>>>>

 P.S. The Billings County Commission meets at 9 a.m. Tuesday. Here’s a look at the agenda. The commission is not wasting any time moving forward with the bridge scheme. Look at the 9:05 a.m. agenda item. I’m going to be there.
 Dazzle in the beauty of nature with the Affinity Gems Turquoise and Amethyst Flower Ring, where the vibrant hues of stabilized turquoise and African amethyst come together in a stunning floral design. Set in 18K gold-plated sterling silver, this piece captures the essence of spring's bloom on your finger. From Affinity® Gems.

<<<<
>>>>

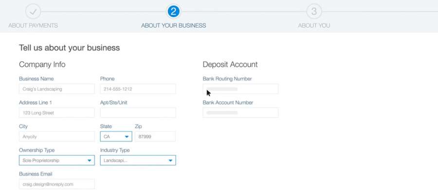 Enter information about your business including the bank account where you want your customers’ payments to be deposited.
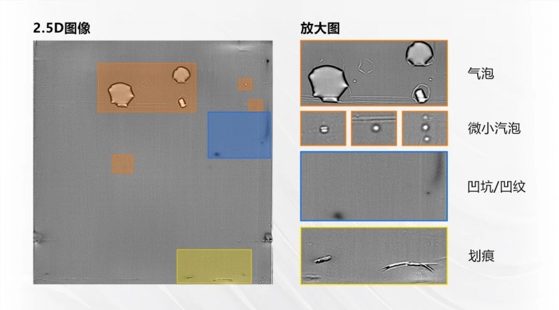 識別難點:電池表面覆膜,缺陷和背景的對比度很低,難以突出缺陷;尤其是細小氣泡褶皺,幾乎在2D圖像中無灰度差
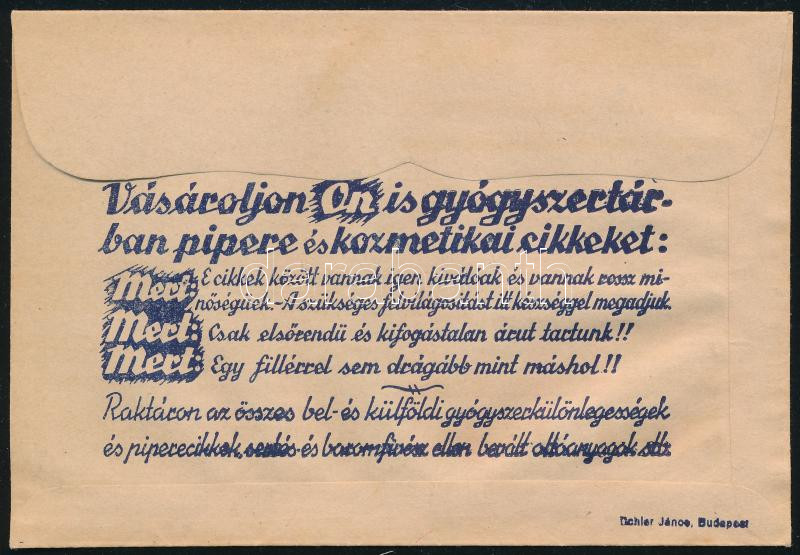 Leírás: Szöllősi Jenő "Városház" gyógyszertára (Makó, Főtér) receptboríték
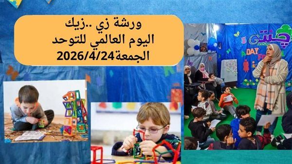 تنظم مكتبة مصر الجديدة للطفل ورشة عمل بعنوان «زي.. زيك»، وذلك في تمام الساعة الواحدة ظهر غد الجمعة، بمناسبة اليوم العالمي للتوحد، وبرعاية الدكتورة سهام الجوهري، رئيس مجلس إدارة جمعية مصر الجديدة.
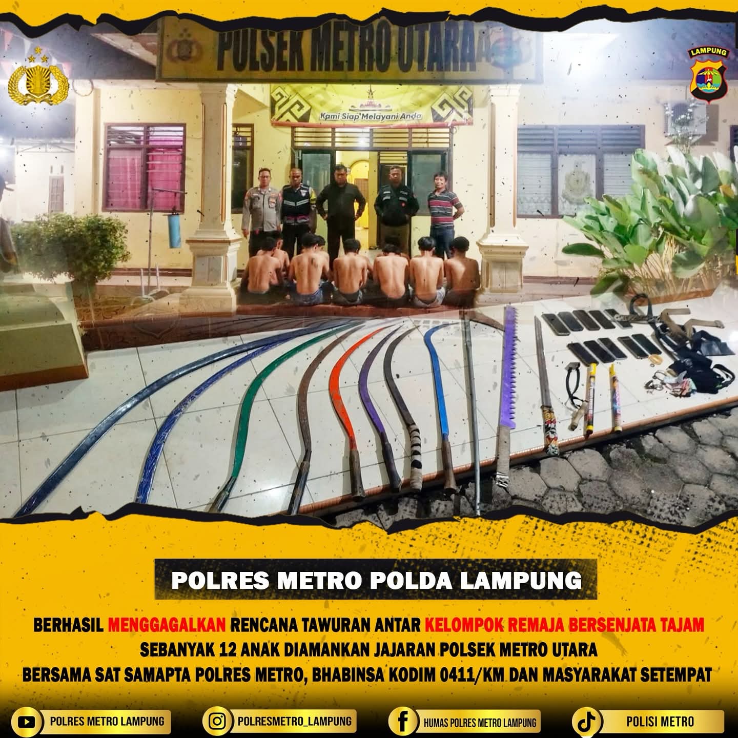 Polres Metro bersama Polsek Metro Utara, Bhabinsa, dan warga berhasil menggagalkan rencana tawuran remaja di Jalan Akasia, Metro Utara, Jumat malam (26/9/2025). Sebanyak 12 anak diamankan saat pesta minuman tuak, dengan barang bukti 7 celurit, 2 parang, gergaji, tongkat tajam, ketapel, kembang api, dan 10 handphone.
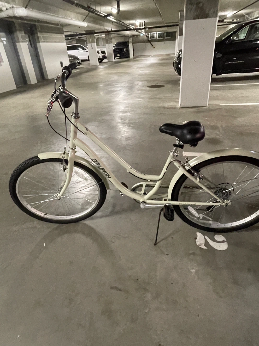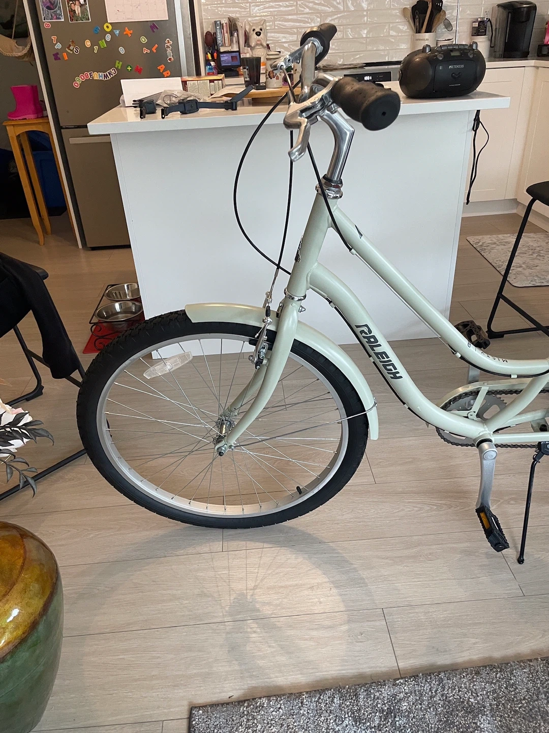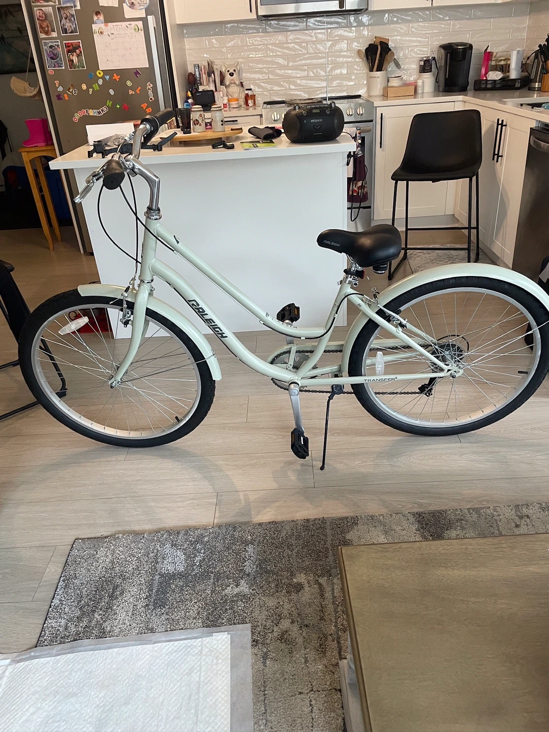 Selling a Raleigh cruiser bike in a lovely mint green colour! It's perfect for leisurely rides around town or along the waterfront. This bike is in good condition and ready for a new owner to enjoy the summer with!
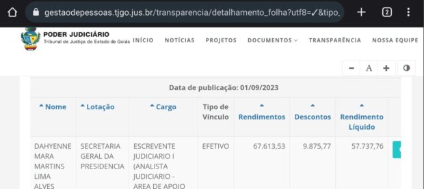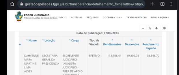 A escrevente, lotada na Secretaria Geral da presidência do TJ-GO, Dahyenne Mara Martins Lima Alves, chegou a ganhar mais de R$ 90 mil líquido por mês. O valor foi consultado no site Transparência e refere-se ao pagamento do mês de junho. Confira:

<<<<
>>>>

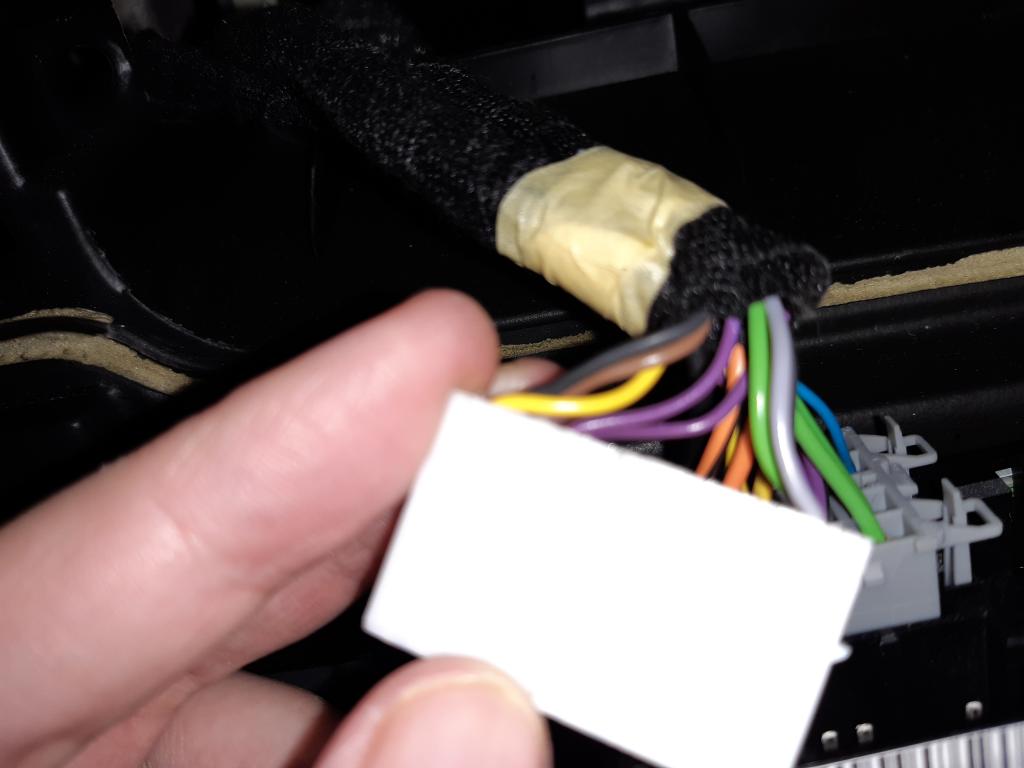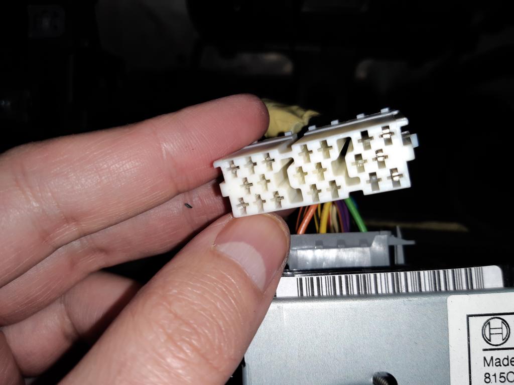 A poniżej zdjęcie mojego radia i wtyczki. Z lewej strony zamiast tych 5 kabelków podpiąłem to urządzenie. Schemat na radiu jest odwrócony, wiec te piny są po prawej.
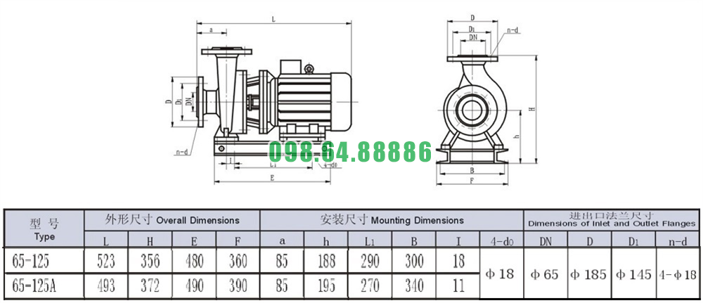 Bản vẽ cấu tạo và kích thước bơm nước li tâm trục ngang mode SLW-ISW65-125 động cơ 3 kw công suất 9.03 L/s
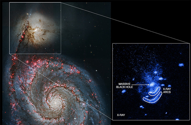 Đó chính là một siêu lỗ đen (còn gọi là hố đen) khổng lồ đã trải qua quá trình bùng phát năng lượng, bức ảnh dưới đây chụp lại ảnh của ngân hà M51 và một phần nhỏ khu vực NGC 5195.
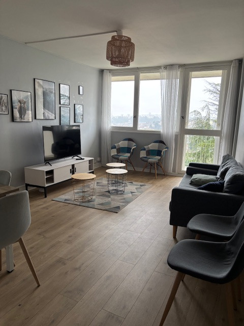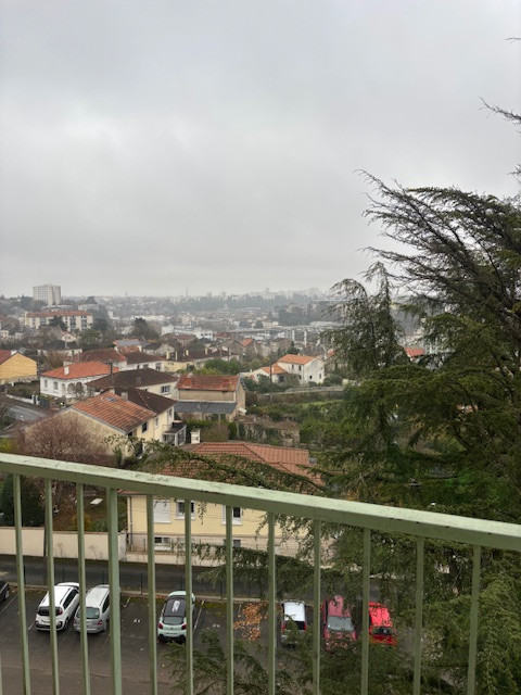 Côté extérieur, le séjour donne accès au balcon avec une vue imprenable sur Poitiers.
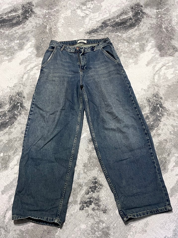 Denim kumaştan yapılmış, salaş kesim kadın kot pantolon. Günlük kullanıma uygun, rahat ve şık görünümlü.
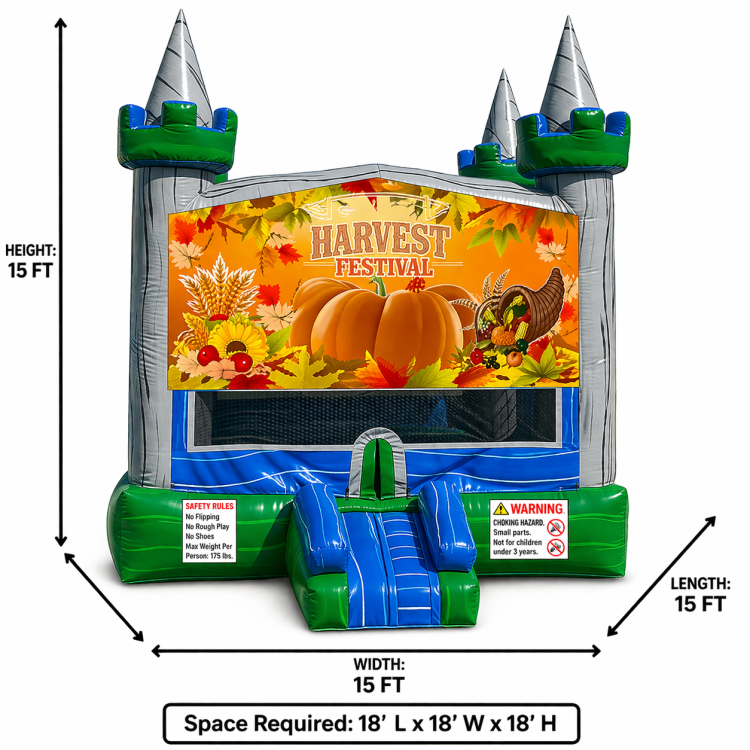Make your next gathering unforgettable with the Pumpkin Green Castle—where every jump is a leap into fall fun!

<<<<

- _What you will do_
The output is the stretch above from the line with "Bản vẽ cấu tạo" through the line with "Đó chính là", copied word for word with both ends kept and every picture dropped.

- _Solution to this task_
 Bản vẽ cấu tạo và kích thước bơm nước li tâm trục ngang mode SLW-ISW65-125 động cơ 3 kw công suất 9.03 L/s
 Đó chính là một siêu lỗ đen (còn gọi là hố đen) khổng lồ đã trải qua quá trình bùng phát năng lượng, bức ảnh dưới đây chụp lại ảnh của ngân hà M51 và một phần nhỏ khu vực NGC 5195.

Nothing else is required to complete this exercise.